The political scientist E.E. Schattschneider once called politics “the mobilization of bias.” By this, he meant something both simple and profound. All political battles are fights between competing interests, he noted, but political outcomes are almost always determined by the bias of those paying attention to the conflict. The trick is to make sure you mobilize the crowd that will cheer for you.

The recent extraordinary turn of events in the ongoing debate over regulating internet piracy made for a perfect illustration of Schattschneider's theory. By expanding what he called the “scope of conflict” (i.e., by engaging a public that suddenly seemed to care very much about the issue),  forces arrayed against proposed legislation fundamentally changed the political battle.

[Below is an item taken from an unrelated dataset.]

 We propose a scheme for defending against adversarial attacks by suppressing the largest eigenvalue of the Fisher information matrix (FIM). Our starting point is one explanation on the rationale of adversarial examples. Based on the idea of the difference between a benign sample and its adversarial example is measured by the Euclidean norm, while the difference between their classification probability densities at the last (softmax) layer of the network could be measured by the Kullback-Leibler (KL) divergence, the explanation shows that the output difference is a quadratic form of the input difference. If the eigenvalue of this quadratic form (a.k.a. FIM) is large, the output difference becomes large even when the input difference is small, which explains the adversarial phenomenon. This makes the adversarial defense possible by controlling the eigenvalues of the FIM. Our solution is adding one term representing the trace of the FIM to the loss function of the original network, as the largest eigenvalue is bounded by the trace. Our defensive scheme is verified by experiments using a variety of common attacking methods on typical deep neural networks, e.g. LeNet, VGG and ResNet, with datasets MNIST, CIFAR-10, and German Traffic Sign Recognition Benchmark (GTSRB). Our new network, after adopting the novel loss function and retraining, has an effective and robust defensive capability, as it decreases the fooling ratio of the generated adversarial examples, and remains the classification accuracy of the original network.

Prior to the Wednesday when Wikipedia went dark, most Americans had never heard of legislation known as SOPA (the Stop Online Piracy Act) in the House, and PIPA (the Protect Intellectual property Act) in the Senate.

For months the audience around the issue was dominated by a small group of Washington insiders, tilted in favor of the representatives of Hollywood, who had reason to believe they were on the verge of passing legislation to reduce trafficking in pirated movies, music, and goods. The lobbyists for the movie and music producers had diligently worked the Hill for months to make their arguments (the wheels of friendship and sympathy greased by campaign donations), and everything seemed ready to go.

But then Facebook, Google, Wikipedia and tens of thousands of others changed the scope of conflict in a flash. Harnessing the unique megaphone they had built as content providers, the online companies generated as many as 3 million e-mails to Congress, 7 million signatures and 3.9 million tweets. It was enough to cause many in Congress to wonder whether they had unwittingly kicked a hive.

To many in the Washington commentariat, this supposed David vs. Goliath story presaged a revolution in the way Washington influence would work from now on.  “SOPA protests by Google and Facebook upend traditional lobbying,” wrote Bloomberg News’ Eric Englemen, quoting experts explaining how the tech lobbying effort was “unprecedented” and “trying to reinvent how we carry out democratic politics.”; “Fights are no longer just about which side has the most – or best – lobbyists” wrote Politico’s Anna Palmer under the breathless headline: “K Street’s boom goes bust.”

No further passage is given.